REQUIRED ACTION:
Repeat exactly the line with "Skirt steak, rice" and each line after it to the end of the data below; pictures stay out.

COLLECTED DATA:
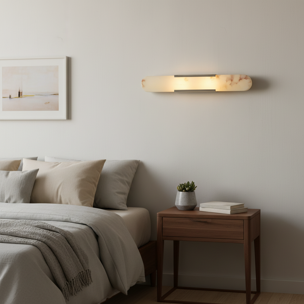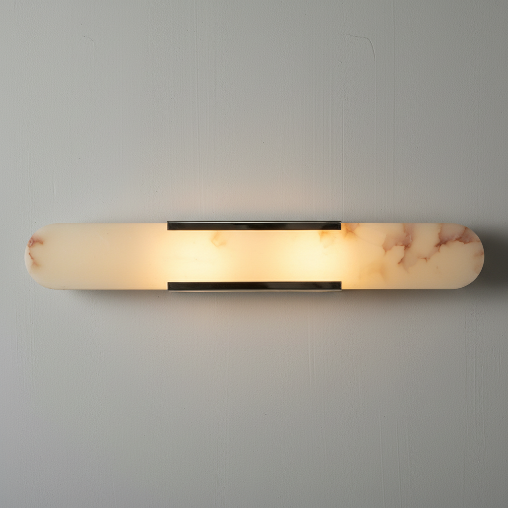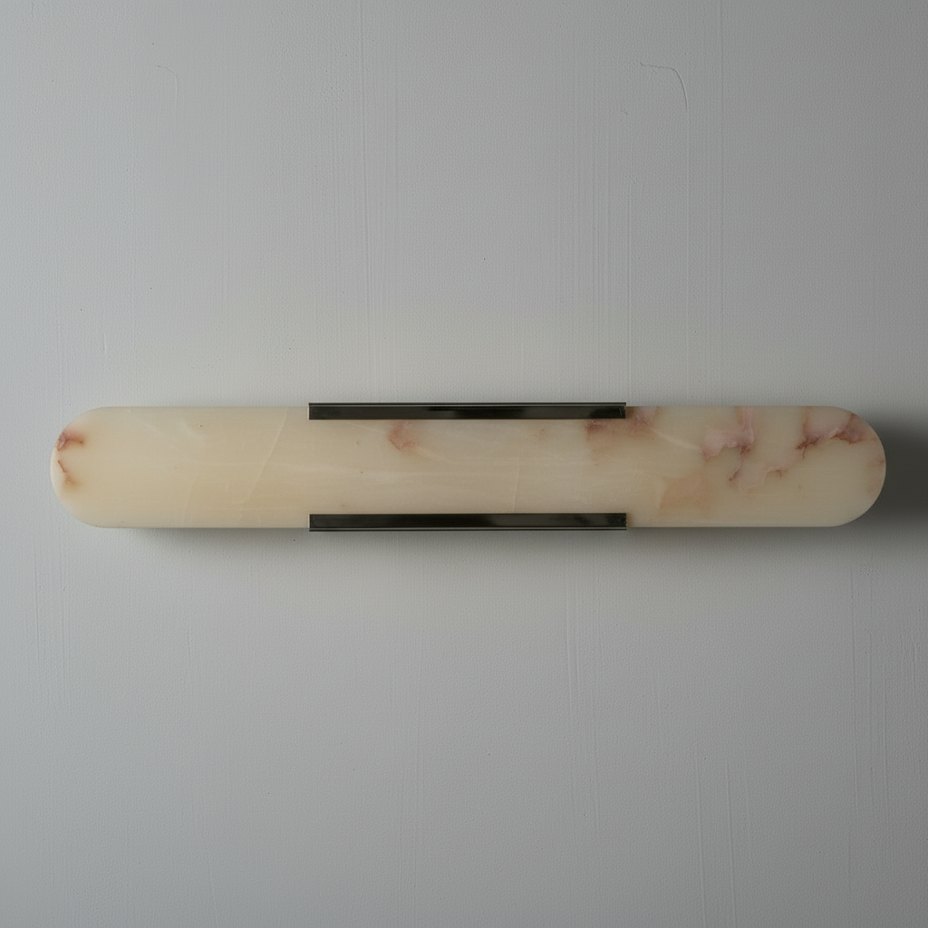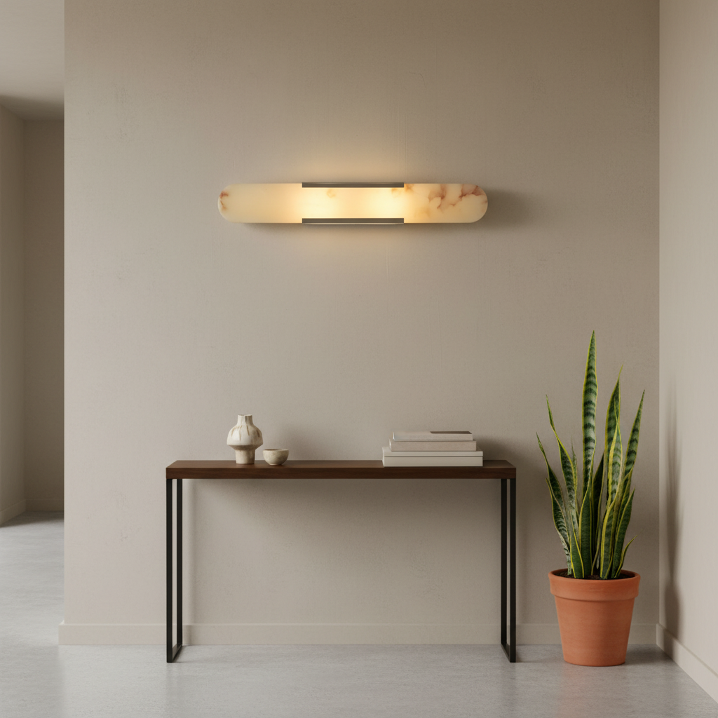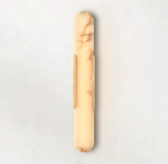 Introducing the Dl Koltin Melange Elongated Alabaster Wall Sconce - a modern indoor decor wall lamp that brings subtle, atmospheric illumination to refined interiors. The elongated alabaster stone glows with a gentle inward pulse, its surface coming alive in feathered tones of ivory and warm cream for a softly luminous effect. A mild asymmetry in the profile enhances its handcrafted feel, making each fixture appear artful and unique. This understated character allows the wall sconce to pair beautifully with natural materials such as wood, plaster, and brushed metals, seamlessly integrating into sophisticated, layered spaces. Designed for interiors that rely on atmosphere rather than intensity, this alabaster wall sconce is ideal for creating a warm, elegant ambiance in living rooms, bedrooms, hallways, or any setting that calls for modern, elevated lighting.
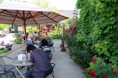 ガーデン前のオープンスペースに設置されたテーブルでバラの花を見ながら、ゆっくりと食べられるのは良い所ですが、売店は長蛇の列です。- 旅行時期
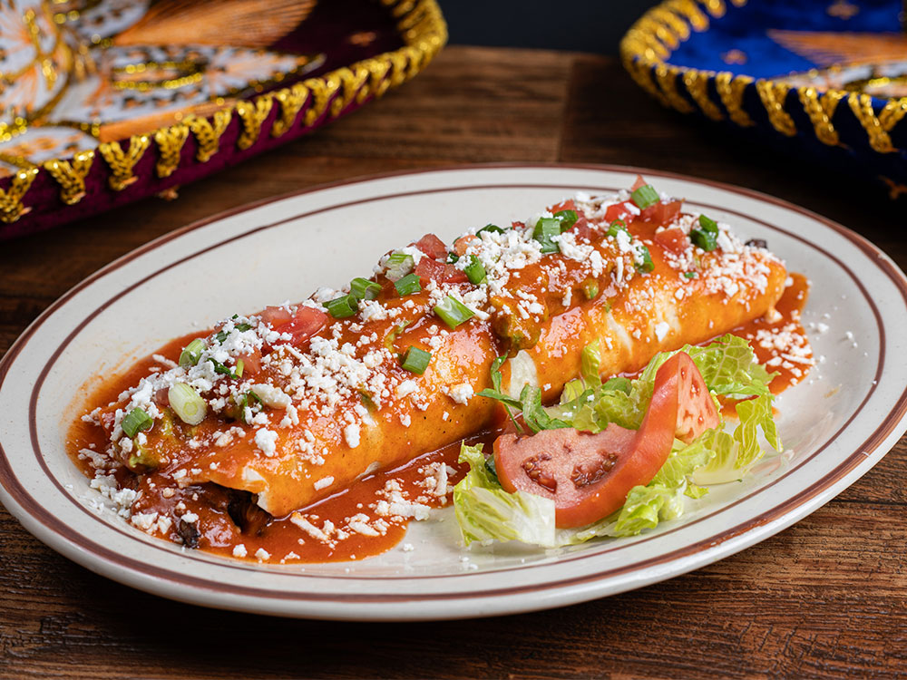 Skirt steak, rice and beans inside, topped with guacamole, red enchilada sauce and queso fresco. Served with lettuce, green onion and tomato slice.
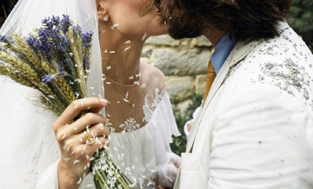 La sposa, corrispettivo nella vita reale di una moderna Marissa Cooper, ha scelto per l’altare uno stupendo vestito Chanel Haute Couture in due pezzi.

YOUR SOLUTION:
 Skirt steak, rice and beans inside, topped with guacamole, red enchilada sauce and queso fresco. Served with lettuce, green onion and tomato slice.
 La sposa, corrispettivo nella vita reale di una moderna Marissa Cooper, ha scelto per l’altare uno stupendo vestito Chanel Haute Couture in due pezzi.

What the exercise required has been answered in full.